The Ginger Tree by Oswald Wynd

I’ve read this novel three or four times. My edition is published by Eland Publishing who were “founded in 1982 to revive great travel books which had fallen out of print”. They’ve since expanded their publications and state that they house an “unrivalled collection of books about the world and its societies. The titles explore the magic of our cultures, their humour, their common humanity and their inspiring differences”.

This book is written in diary and letter format, which works well for understanding the main character. Mary’s original naivety at the world provides a sharp contrast to the cunning folk around her. It provides a critical look at the expectations of British women to travel the world to marry a stranger in a far-flung part of the world and set up as a colonial couple. Mary Mackenzie sets out on the SS Mooldera, in the early 20th Century to meet up with her husband-to-be, Richard Collingsworth, who lives in Peking. They have a loveless marriage, where she tries to understand him he has no interest in her and has very set ways, for example setting up his army cot in the house to sleep in on his own. Despite the loveless marriage, Mary has a daughter with Richard, but when she takes a step towards grabbing a fleeting slice of happiness in her life, she finds herself propelled into a new life. She is shunned and discarded and even finds that her mother disowns her. She is left with no option but to leave her daughter with Richard, and she sets off for Tokyo.

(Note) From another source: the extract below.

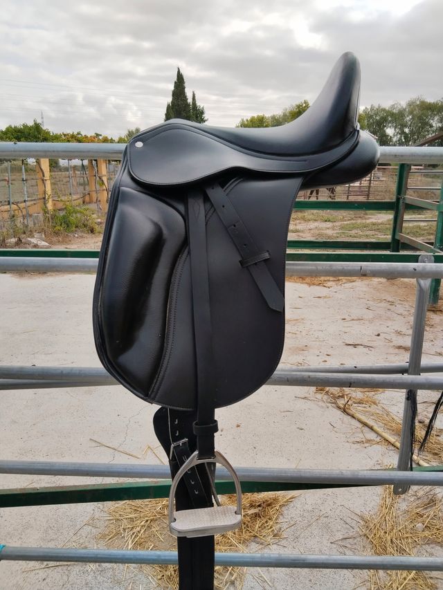 Detalles del productoMontura de doma premium de color negro, en excelente estado, casi nueva. Perfecta para equitación. 17,5 pulgadas

It would be a spoiler to share the event/catalyst that led Mary to move to Tokyo. While she is free of the expectations of the expatriate community and her husband in Peking, Mary seems the perpetual outsider, which is inherently sad when it comes to a character so open-minded and sympathetic.

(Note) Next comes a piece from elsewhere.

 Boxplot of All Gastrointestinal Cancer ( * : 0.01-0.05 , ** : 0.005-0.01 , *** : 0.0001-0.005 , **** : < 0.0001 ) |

Oswald Wynd has written one of my favourite female characters. Mary navigates issues of gender inequality and an unfamiliar culture, and there’s a period in which she thrives in one aspect of her life, and despite her life continuing to be difficult she picks herself up after every setback.

The story takes place after the Boxer Rising in China, amidst the rumblings of the Russo-Japanese War. As the story progresses, further events affect Mary’s life, including World War Two.